To find out more about the data collection requirements placed on us by the DfE (for example; via the school census) go to www.gov.uk/education/data-collection-and-censuses-for-schools.

The National Pupil Database (NPD)

Much of the data about pupils in England is held in the National Pupil Database (NPD).

The NPD is owned and managed by the DfE and contains information about pupils in schools in England.  It provides invaluable evidence on educational performance to inform independent research, as well as studies commissioned by the Department.

It is held in electronic format for statistical purposes. This information is securely collected from a range of sources including schools, local authorities and awarding bodies.

To find out more about the NPD, go to www.gov.uk/government/publications/national-pupil-database-user-guide-and-supporting-information.

Sharing by the DfE

The law allows the DfE to share pupils’ personal data with certain third parties, including:

·        schools and local authorities

·        researchers

·        organisations connected with promoting the education or wellbeing of children in England

·        other government departments and agencies

·        organisations fighting or identifying crime

For more information about the DfE’s NPD data sharing process, please visit: www.gov.uk/data-protection-how-we-collect-and-share-research-data

Organisations fighting or identifying crime may use their legal powers to contact DfE to request access to individual level information relevant to detecting that crime. Whilst numbers fluctuate slightly over time, DfE typically supplies data on around 600 pupils per year to the Home Office and roughly 1 per year to the Police.

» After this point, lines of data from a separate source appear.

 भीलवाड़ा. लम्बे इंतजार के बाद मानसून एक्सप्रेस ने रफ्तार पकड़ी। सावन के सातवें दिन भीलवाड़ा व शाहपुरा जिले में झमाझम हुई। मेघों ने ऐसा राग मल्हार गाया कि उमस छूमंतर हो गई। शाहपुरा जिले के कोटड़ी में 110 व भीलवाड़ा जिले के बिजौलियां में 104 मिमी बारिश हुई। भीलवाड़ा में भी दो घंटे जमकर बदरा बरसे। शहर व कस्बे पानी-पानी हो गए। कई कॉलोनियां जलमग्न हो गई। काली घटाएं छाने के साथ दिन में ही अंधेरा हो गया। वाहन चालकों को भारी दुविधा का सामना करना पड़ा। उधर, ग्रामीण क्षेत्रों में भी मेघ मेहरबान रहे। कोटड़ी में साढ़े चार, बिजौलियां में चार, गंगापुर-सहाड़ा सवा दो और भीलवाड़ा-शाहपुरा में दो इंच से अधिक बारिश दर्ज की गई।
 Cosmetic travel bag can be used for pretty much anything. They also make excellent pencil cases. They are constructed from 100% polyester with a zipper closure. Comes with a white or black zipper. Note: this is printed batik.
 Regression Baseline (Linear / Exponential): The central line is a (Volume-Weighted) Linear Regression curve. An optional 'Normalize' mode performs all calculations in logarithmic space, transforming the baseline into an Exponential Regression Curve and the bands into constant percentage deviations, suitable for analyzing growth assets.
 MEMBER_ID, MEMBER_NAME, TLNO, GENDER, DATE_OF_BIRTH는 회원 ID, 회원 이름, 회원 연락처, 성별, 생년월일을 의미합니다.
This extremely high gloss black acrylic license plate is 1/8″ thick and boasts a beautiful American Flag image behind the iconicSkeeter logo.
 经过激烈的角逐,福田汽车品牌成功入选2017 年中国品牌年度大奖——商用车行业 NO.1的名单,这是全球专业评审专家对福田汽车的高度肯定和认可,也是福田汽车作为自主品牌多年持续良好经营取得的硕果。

For information about which organisations the DfE has provided pupil information, (and for which project) or to access a monthly breakdown of data share volumes with Home Office and the Police please visit the following website: https://www.gov.uk/government/publications/dfe-external-data-shares

How to find out what personal information the DfE holds about you

Under the terms of the Data Protection Act 2018, you are entitled to ask the DfE:

·        if they are processing your personal data

·        for a description of the data they hold about you

·        the reasons they’re holding it and any recipient it may be disclosed to

·        for a copy of your personal data and any details of its source

If you want to see the personal data held about you by the DfE, please make a ‘subject access request’ to them.  Find out how in the DfE’s personal information charter published at: www.gov.uk/government/organisations/department-for-education/about/personal-information-charter

To contact the DfE go to: www.gov.uk/contact-dfe.

[1] Visit: https://www.gov.uk/guidance/maintaining-records-of-staff-customers-and-visitors-to-support-nhs-test-and-trace#information-to-collect, if you want more information about Test and Trace, what data they collect and what they do with it.